27 March 2010
Last Saturday was balmy: I was riding in shorts and a T-shirt. Today I didn't go riding, even though the sky was clear. When I went outside today, I wore a bulky cardigan and my leather jacket.
A cold, windy day very early in the spring has long evoked a particular set of sense-memories for me. You might say they are all related to loneliness.
It has something to do with the fact that my the first couple of days my family spent in New Jersey, after moving there from Brooklyn, were much like today, if I recall correctly. We moved about this time of year: I recall that because spring break was beginning, as it is now. Also, Easter came early that year; on that day, snow and ice fell and covered the still-barren trees and sere grass that surrounded that almost disarmingly (at least for me) spacious house.
So, a day like today, in the early days of spring, makes me think of an empty suburban house with branches still shorn of leaves and a lawn sapped of its color.
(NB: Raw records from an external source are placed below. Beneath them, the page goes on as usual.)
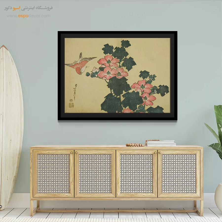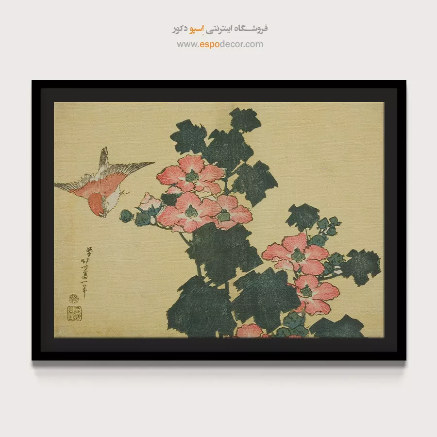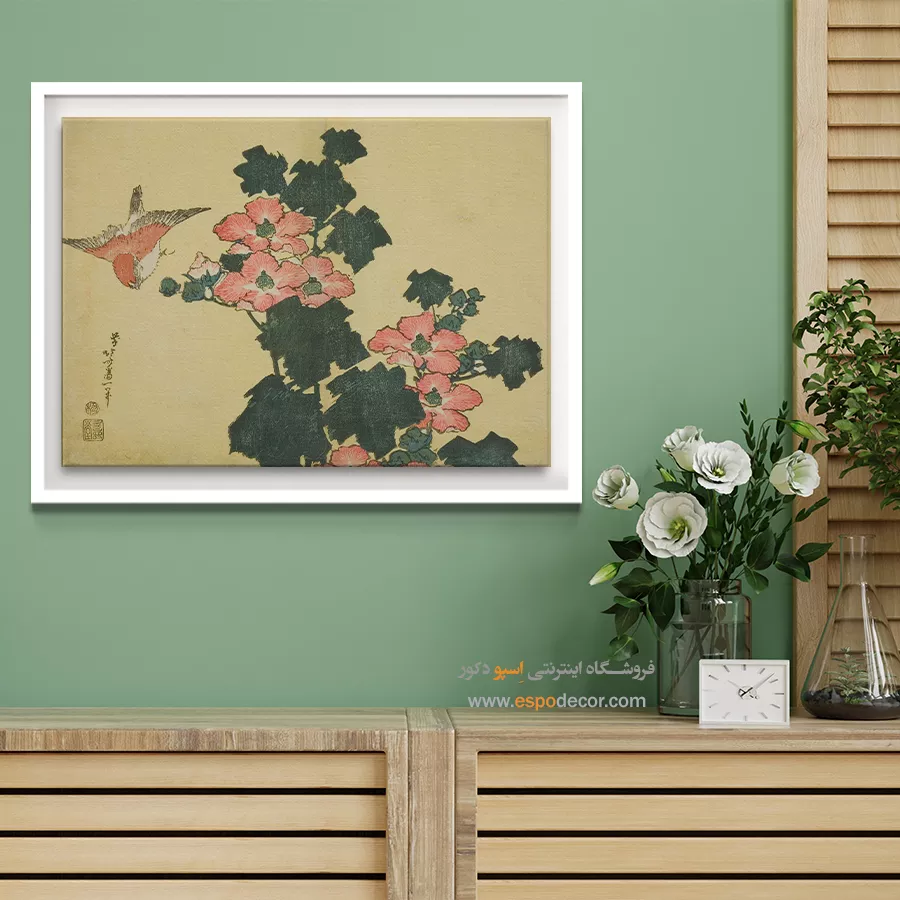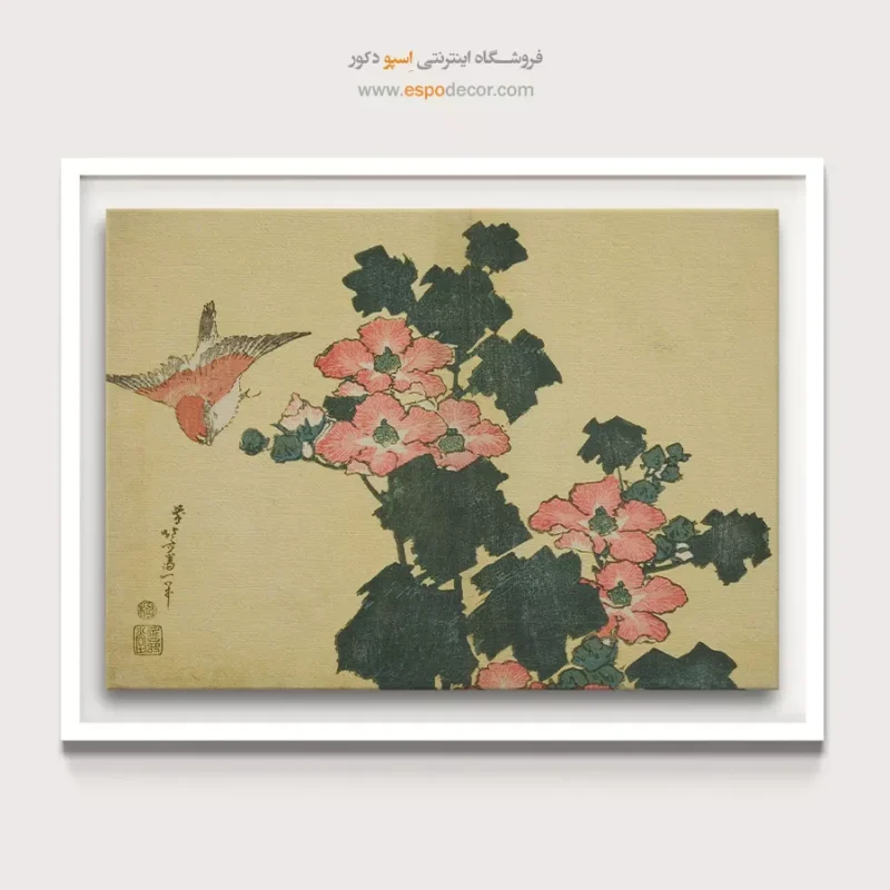 رزهای پنبه ای و گنجشک – تابلو نقاشی هوکوسای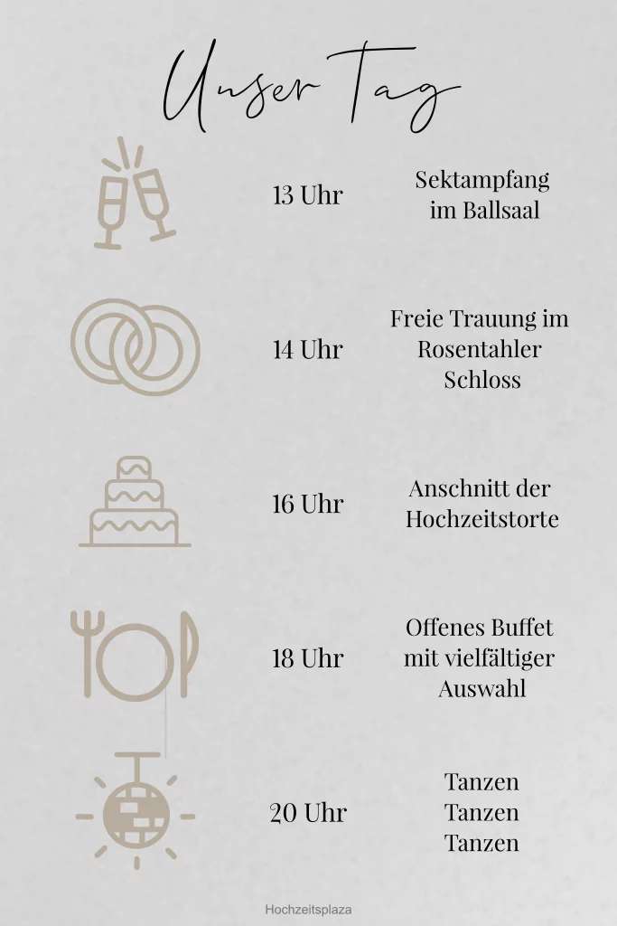 Einlegeblatt zur Einladungskarte aus Transparentpapier mit Timeline im Hochformat. Die Hochzeitsicons in beige zeigen auf einfache Art wann welcher Programmpunkt am Tag der Hochzeit ansteht.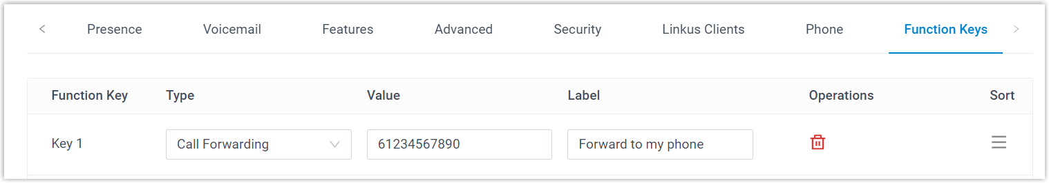 - Label: Optional. Enter a value, which will be displayed on the phone screen.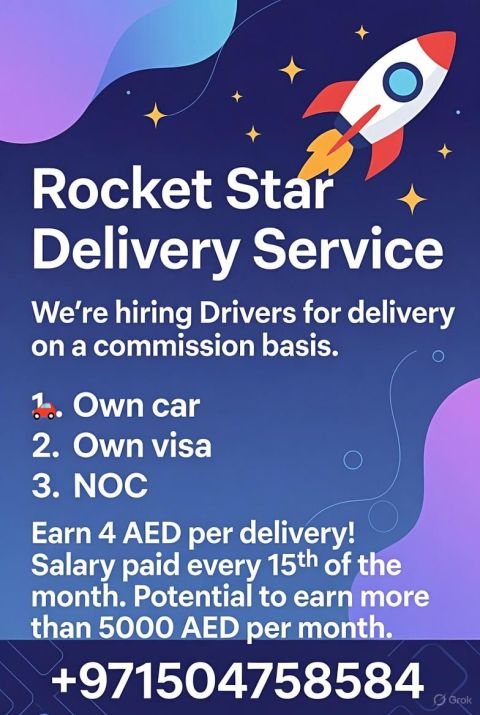 Sharjah - Warehouse location - Shajrah Industrial Area 7. Join Rocket Star Delivery Service We're hiring Drivers for delivery on a commission basis Earn AED4 per delivery Salary paid every 15th of the month. Potential to earn more than AED5000 per month Requirements 1. Own car 2. Own visa 3. NOC. Contact us now and grab the opportunity

Some would see that emptiness as spaciousness and the relentless brightness of the sun unfiltered by apertures of leaves as clarity. But for a kid who's just moved from the one and only place he'd ever known, it's enough to turn him into an agoraphobic. On top of that--unbeknownst to him--he would soon enter puberty. For me, it was a kind of prison. Or, more precisely, it was like interment, except that I was alive but couldn't kick because there wasn't enough room. It was confined enough for me to hear the echoes of my own breathing yet just spacious enough for it to reverberate back to me and magnify my pain.
Fortunately for me, that pain--and that puberty--are memories now, evoked by the cold and wind we had today. Those memories include a house into which I could not fit myself, at least emotionally, and a body that would become more inhospitable to, and incongruous with, my spirit.